My girlfriend doesn’t experience vaginal orgasm!
This is a very common complaint from clients. The men want to “make” their woman cum from f#*king. The women think they should be able to orgasm from penetration. (All those movies can’t be wrong, right? Not even talking about porn here. Every Hollywood movie has people flinging off their clothes, doing it up against the wall, and leaving her a satisfied puddle) Let’s set the record straight. This is the cosmic irony of sex. A man puts his most sensitive part, the penis containing 4,000 nerve endings designed to register touch, into the woman’s least sensitive part. That’s right, the vaginal canal has only a few nerve endings, and these are receptors for temperature and pressure, but not pleasure. By contrast, the clitoris has 8,000 nerve endings and the anus has 3000, all designed to register touch.
The other morning, Trevor sank deep inside me with a groan, eyes closing. A hidden struggle was going on within him. “Every time, I keep hoping it won’t be this intense.” What?” I asked. “The pleasure…when it’s with someone I love.” I was so touched to hear that. And it got me thinking. We aren’t alone. For most couples during intercourse she is trying desperately to feel everything, in an attempt to achieve orgasm. He is trying to feel LESS to avoid having an orgasm first and ending the encounter. He is avoiding pleasure and trying to help her orgasm, and risks getting less and less present to her and the moment. The more turned on she gets, the harder it gets for him to stay detached. As a woman, I feel trapped in this bind, if I really give in to my pleasure, will he get too excited? Will it end before I am halfway there? But minimizing the pleasure is a no-win for everyone.
Why Some Women Orgasm From Intercourse
The lucky women who do orgasm from intercourse are blessed in their anatomy. They are usually women whose clitorises are close to the opening of the vagina, so they receive stimulation there during penetration. There are also several spots within the vagina that have bundles of nerve endings. One is the root of the clitoris, located three inches in on the roof, or 12 o’clock if you imagine a clock face superimposed on the vulva. There are similar sensitive spots located at 3, 6 and 9 o’clock. The good news is that the more engorged a woman is, the more accessible those spots become. This is where good foreplay comes in. The more excited she is, perhaps even having c*m already, the better penetration will feel to her. There is also the vagus nerve located on the cervix that bypasses the spine and goes straight to the pleasure center of the brain. Stimulating this can lead to orgasm, but can also be painful for many women, or too deep to reach.
And here’s a bit of personal truth, I can sometimes orgasm just from kissing or performing oral sex, but I don’t usually come from penetration. Don’t get me wrong, it feels fantastic. When my partner comes, I have a sympathetic orgasm that can rock my world, and leave me speechless. But it’s not the same as the full body, “oh my god, please stop touching me now, please, I can’t take it!” that happens from manual or oral stimulation. After those, penetration feels amazing in a grounding way, and connects me to my partner. Once in a very great while, I cu* during penetration, and it is still a different sensation of cu**ing. Guess what? They are all good.
How to Increase the Chances of Vaginal Orgasm
If you or your female bodied lover can’t orgasm from intercourse, don’t despair. Here are some steps you can take:
- Invest some time in learning how to take it slow, and get her really ramped up first.

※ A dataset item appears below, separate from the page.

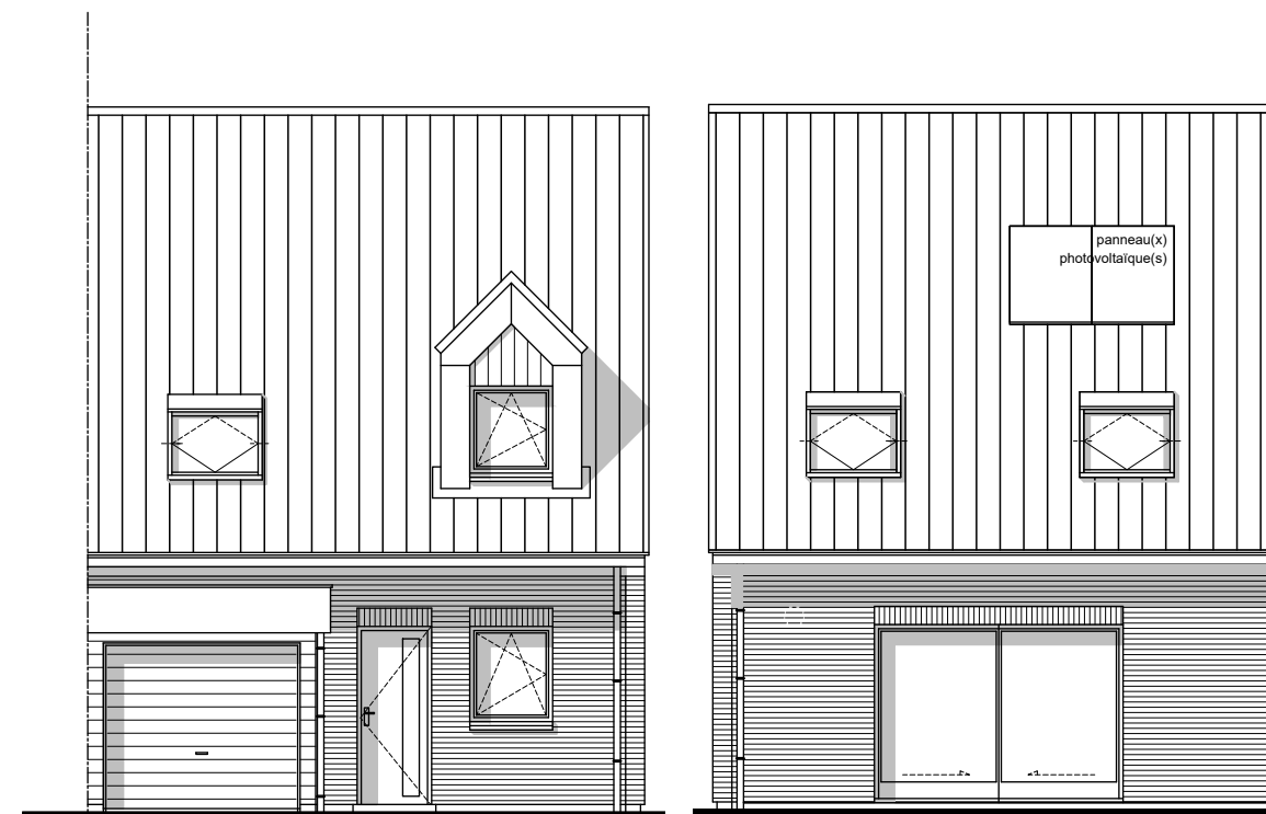
Façade sur entrée

- Experiment with positions that make contact with the sensitive places within her UNIQUE vagina. They aren’t the same on everyone. Take some time to map out her anatomy through exploration. Like an optometrist, “better like this?”
- Find ways to stimulate the clitoris while penetration occurs. This is NOT cheating. In fact, stimulate all the secondary erogenous zones too, like nipples, lips, and anus.
- Have fun with this research, and you’ll already be winning and have more pleasure in your life even if you never make it to the “goal.”
- Better yet, let go of the goal, and practice being in appreciation for every stoke that feels good to you.